PROBLEM TO WORK ON ->
The data below should be restated word for word, pictures omitted.

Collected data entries

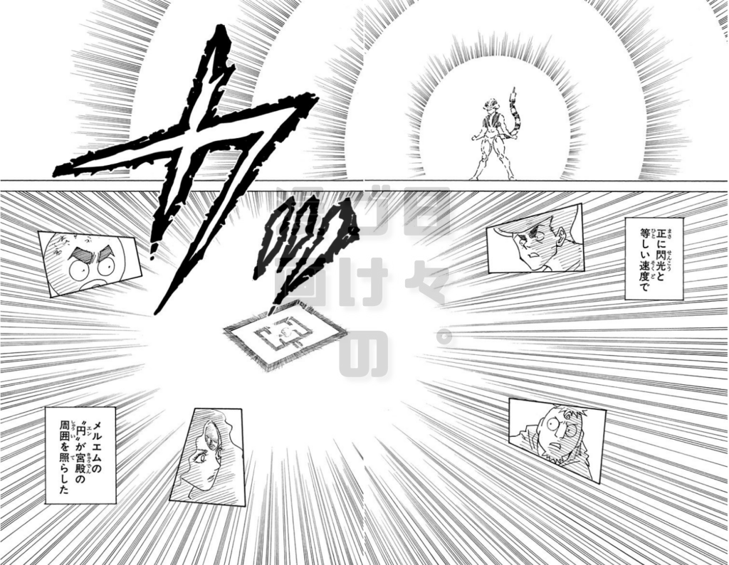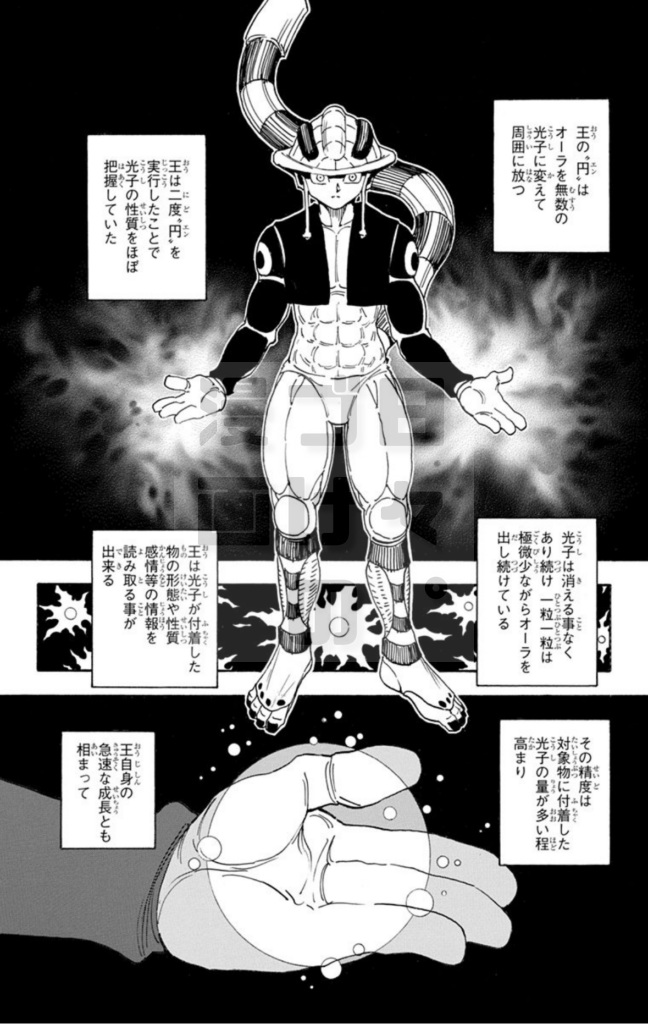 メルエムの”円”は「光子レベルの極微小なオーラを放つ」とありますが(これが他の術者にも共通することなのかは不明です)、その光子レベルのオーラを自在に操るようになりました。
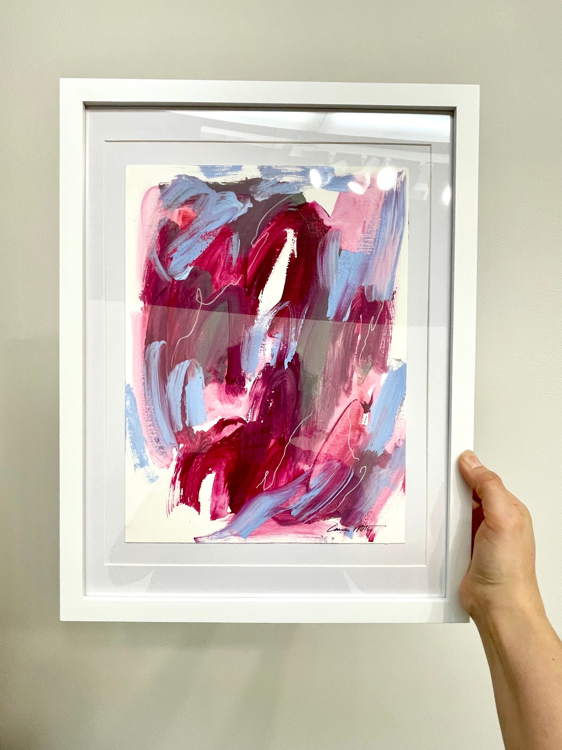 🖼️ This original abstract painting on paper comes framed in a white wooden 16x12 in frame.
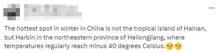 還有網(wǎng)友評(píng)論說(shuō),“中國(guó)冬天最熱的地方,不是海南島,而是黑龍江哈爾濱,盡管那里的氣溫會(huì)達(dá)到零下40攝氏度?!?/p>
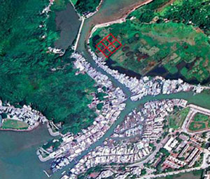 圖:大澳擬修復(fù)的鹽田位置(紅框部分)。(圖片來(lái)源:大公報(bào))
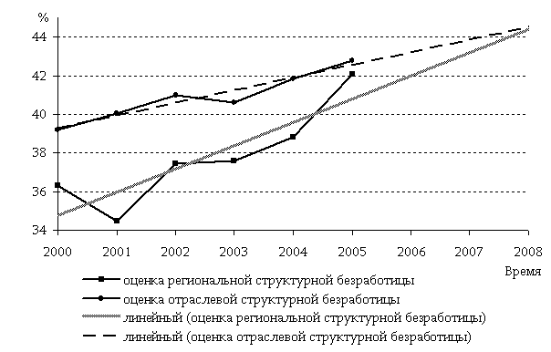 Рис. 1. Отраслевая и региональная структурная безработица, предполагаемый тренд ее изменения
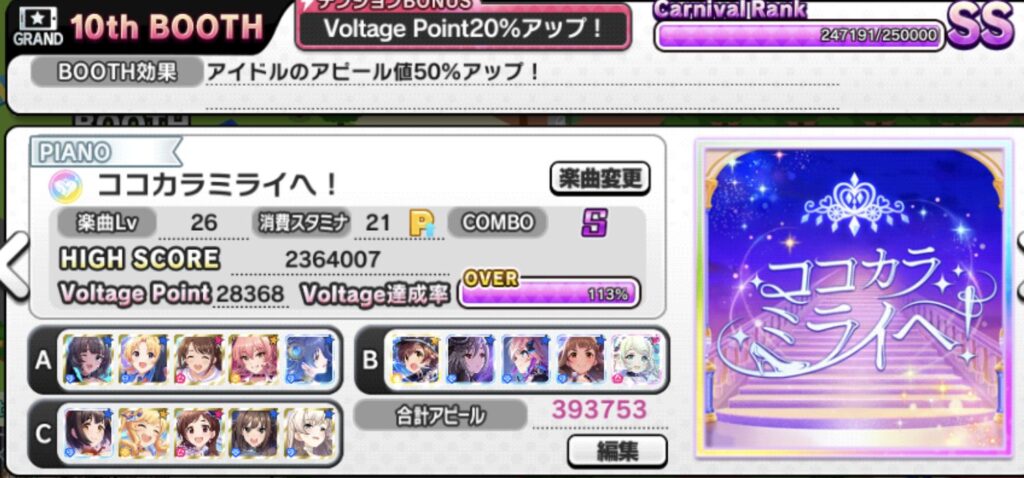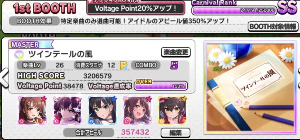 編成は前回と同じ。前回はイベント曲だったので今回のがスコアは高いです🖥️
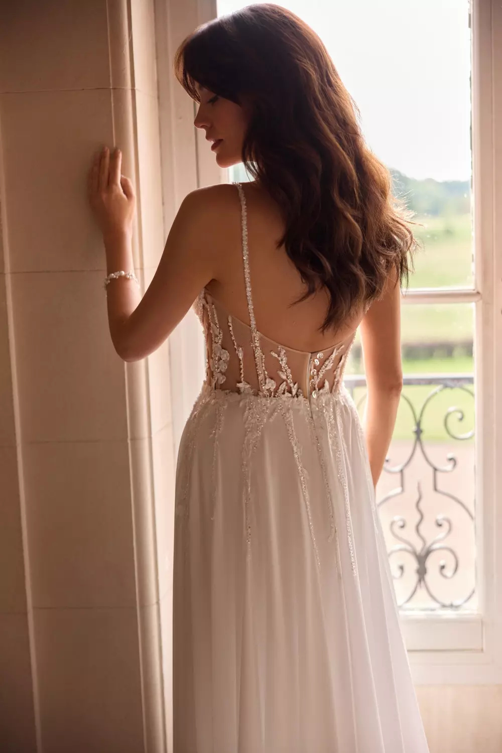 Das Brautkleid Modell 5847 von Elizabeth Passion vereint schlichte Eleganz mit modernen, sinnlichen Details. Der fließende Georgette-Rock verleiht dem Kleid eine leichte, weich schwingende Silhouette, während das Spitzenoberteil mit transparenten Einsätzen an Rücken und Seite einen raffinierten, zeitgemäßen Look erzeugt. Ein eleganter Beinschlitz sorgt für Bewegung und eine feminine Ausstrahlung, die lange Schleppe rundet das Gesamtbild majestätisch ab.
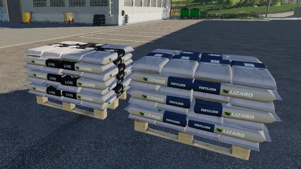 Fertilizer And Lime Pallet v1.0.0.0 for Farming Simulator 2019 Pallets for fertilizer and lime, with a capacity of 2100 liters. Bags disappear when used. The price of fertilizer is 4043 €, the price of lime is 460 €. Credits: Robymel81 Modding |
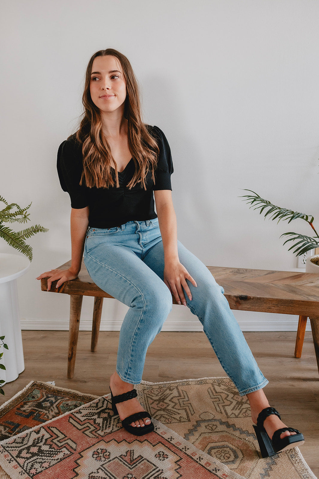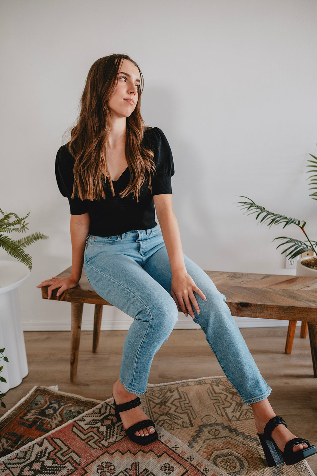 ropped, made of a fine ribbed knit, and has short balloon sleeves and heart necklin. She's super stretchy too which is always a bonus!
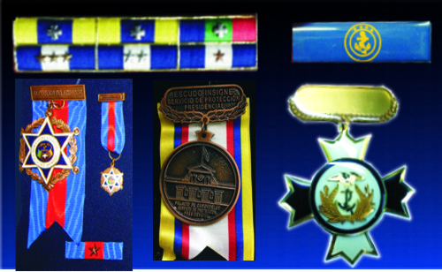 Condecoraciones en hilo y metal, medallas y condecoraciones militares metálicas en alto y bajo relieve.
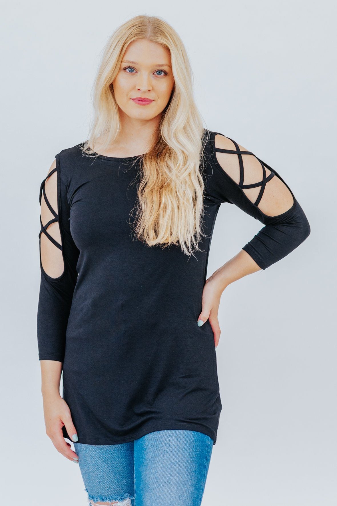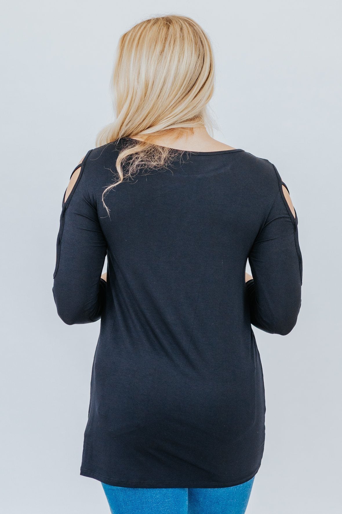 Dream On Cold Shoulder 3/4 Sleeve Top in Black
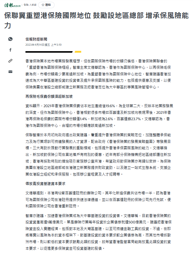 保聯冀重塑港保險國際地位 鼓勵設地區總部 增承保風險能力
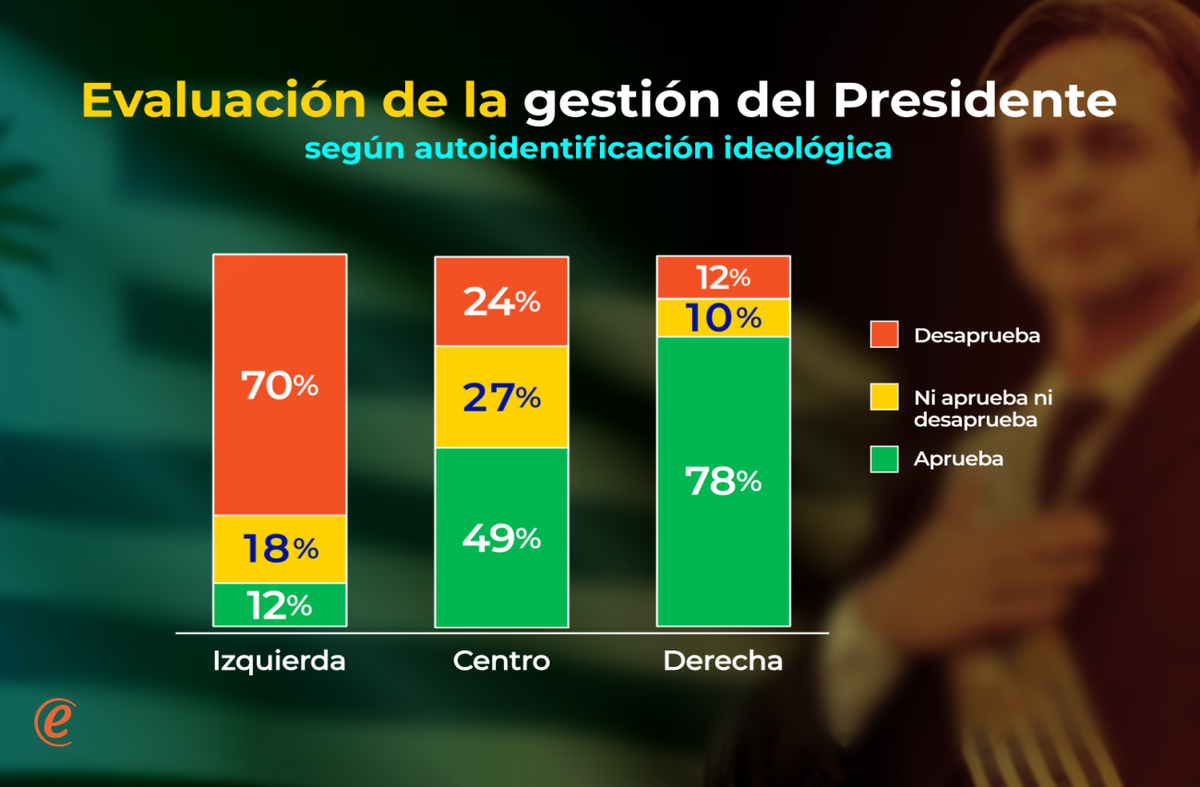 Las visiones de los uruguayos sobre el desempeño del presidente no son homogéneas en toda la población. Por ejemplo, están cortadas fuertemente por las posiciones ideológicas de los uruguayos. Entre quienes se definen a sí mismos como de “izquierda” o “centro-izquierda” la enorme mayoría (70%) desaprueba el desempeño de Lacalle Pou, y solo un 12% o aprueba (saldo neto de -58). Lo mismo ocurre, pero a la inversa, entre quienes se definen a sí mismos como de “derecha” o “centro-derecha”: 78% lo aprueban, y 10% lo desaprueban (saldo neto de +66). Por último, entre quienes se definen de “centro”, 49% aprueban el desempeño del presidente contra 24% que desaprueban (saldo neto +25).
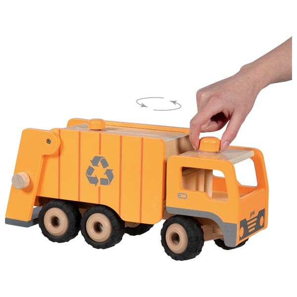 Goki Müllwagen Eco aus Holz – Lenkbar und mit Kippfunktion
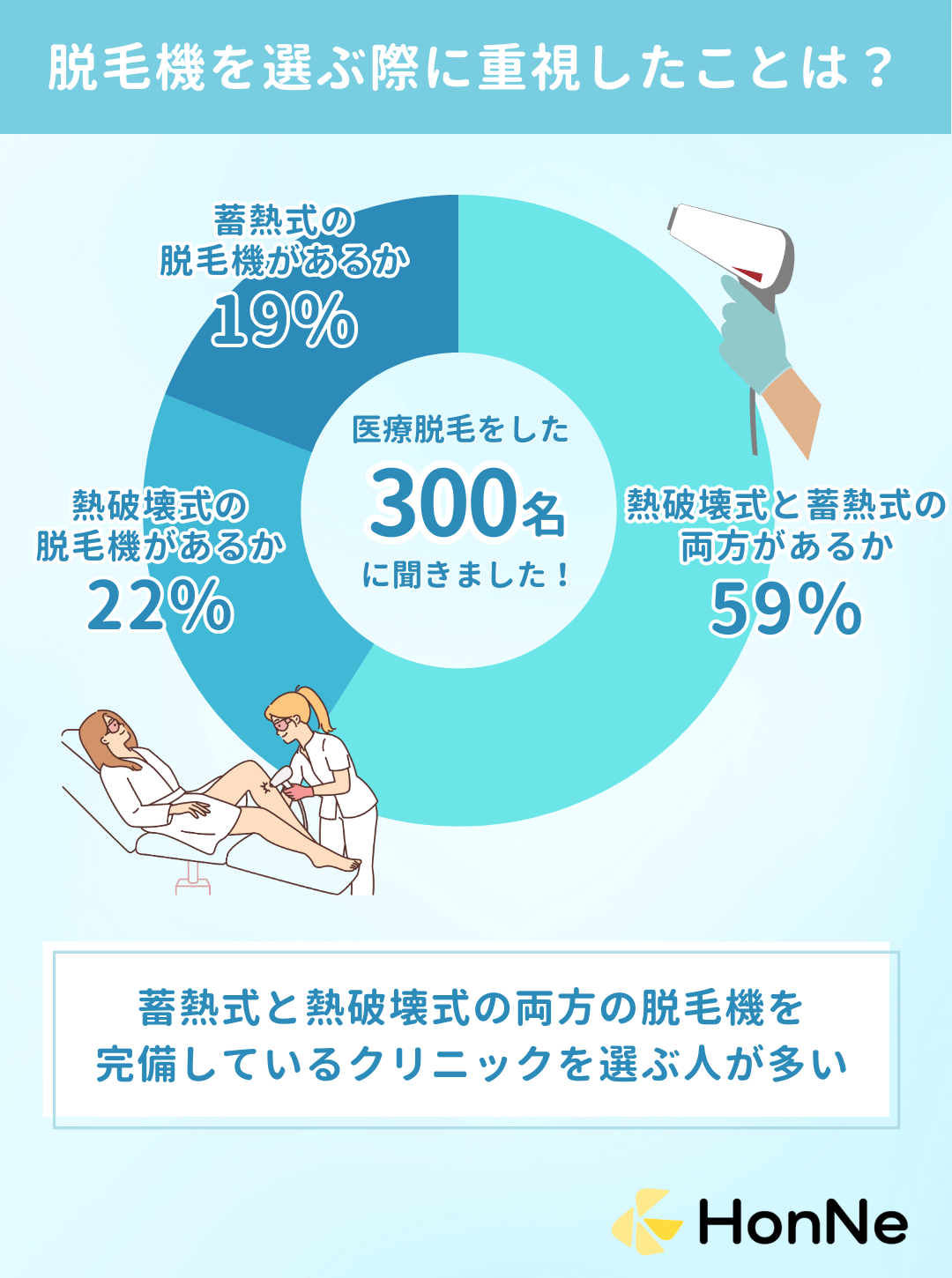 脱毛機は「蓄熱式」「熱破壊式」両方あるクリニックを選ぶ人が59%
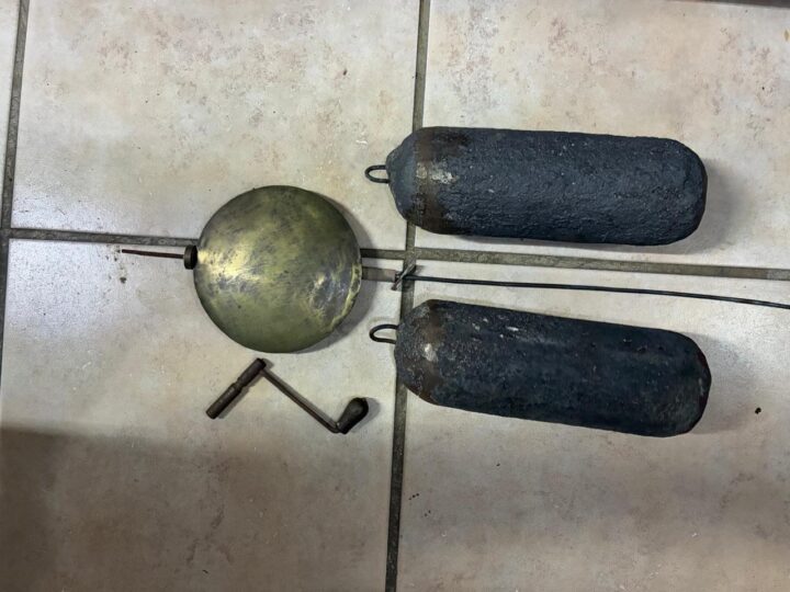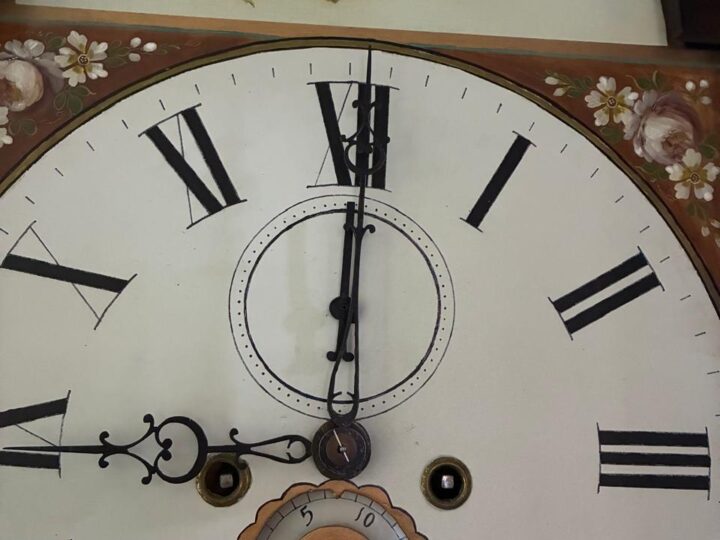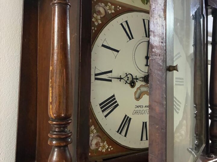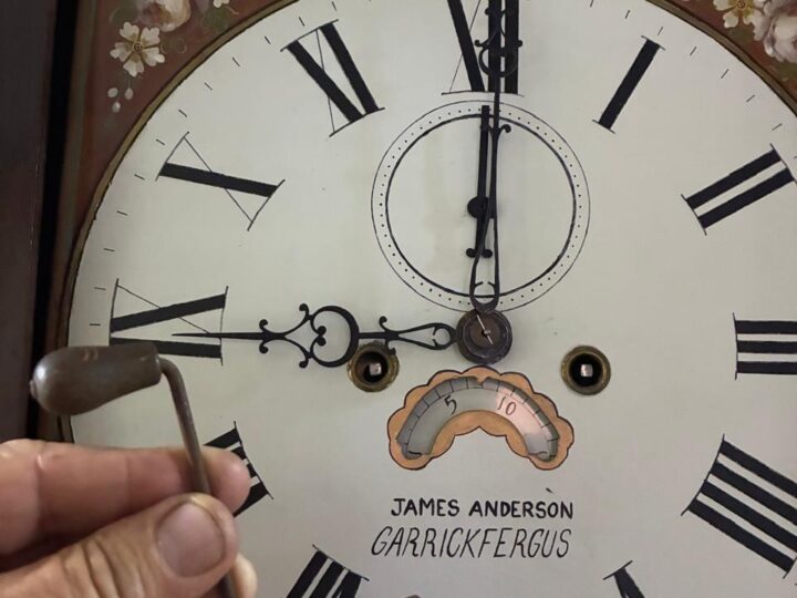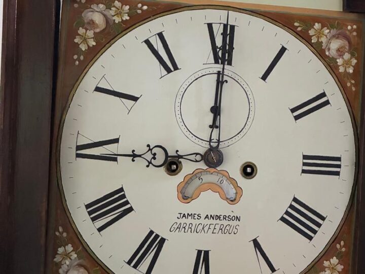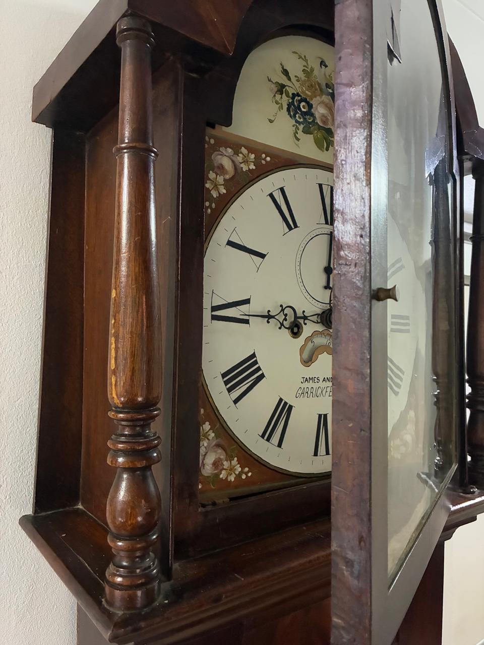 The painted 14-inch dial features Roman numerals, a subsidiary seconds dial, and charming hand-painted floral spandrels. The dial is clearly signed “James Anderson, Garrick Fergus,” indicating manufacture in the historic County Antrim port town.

YOUR RESPONSE ->
 メルエムの”円”は「光子レベルの極微小なオーラを放つ」とありますが(これが他の術者にも共通することなのかは不明です)、その光子レベルのオーラを自在に操るようになりました。
 🖼️ This original abstract painting on paper comes framed in a white wooden 16x12 in frame.
 還有網(wǎng)友評(píng)論說(shuō),“中國(guó)冬天最熱的地方,不是海南島,而是黑龍江哈爾濱,盡管那里的氣溫會(huì)達(dá)到零下40攝氏度?!?/p>
 圖:大澳擬修復(fù)的鹽田位置(紅框部分)。(圖片來(lái)源:大公報(bào))
 Рис. 1. Отраслевая и региональная структурная безработица, предполагаемый тренд ее изменения
 編成は前回と同じ。前回はイベント曲だったので今回のがスコアは高いです🖥️
 Das Brautkleid Modell 5847 von Elizabeth Passion vereint schlichte Eleganz mit modernen, sinnlichen Details. Der fließende Georgette-Rock verleiht dem Kleid eine leichte, weich schwingende Silhouette, während das Spitzenoberteil mit transparenten Einsätzen an Rücken und Seite einen raffinierten, zeitgemäßen Look erzeugt. Ein eleganter Beinschlitz sorgt für Bewegung und eine feminine Ausstrahlung, die lange Schleppe rundet das Gesamtbild majestätisch ab.
 Fertilizer And Lime Pallet v1.0.0.0 for Farming Simulator 2019 Pallets for fertilizer and lime, with a capacity of 2100 liters. Bags disappear when used. The price of fertilizer is 4043 €, the price of lime is 460 €. Credits: Robymel81 Modding |
 ropped, made of a fine ribbed knit, and has short balloon sleeves and heart necklin. She's super stretchy too which is always a bonus!
 Condecoraciones en hilo y metal, medallas y condecoraciones militares metálicas en alto y bajo relieve.
 Dream On Cold Shoulder 3/4 Sleeve Top in Black
 保聯冀重塑港保險國際地位 鼓勵設地區總部 增承保風險能力
 Las visiones de los uruguayos sobre el desempeño del presidente no son homogéneas en toda la población. Por ejemplo, están cortadas fuertemente por las posiciones ideológicas de los uruguayos. Entre quienes se definen a sí mismos como de “izquierda” o “centro-izquierda” la enorme mayoría (70%) desaprueba el desempeño de Lacalle Pou, y solo un 12% o aprueba (saldo neto de -58). Lo mismo ocurre, pero a la inversa, entre quienes se definen a sí mismos como de “derecha” o “centro-derecha”: 78% lo aprueban, y 10% lo desaprueban (saldo neto de +66). Por último, entre quienes se definen de “centro”, 49% aprueban el desempeño del presidente contra 24% que desaprueban (saldo neto +25).
 Goki Müllwagen Eco aus Holz – Lenkbar und mit Kippfunktion
 脱毛機は「蓄熱式」「熱破壊式」両方あるクリニックを選ぶ人が59%
 The painted 14-inch dial features Roman numerals, a subsidiary seconds dial, and charming hand-painted floral spandrels. The dial is clearly signed “James Anderson, Garrick Fergus,” indicating manufacture in the historic County Antrim port town.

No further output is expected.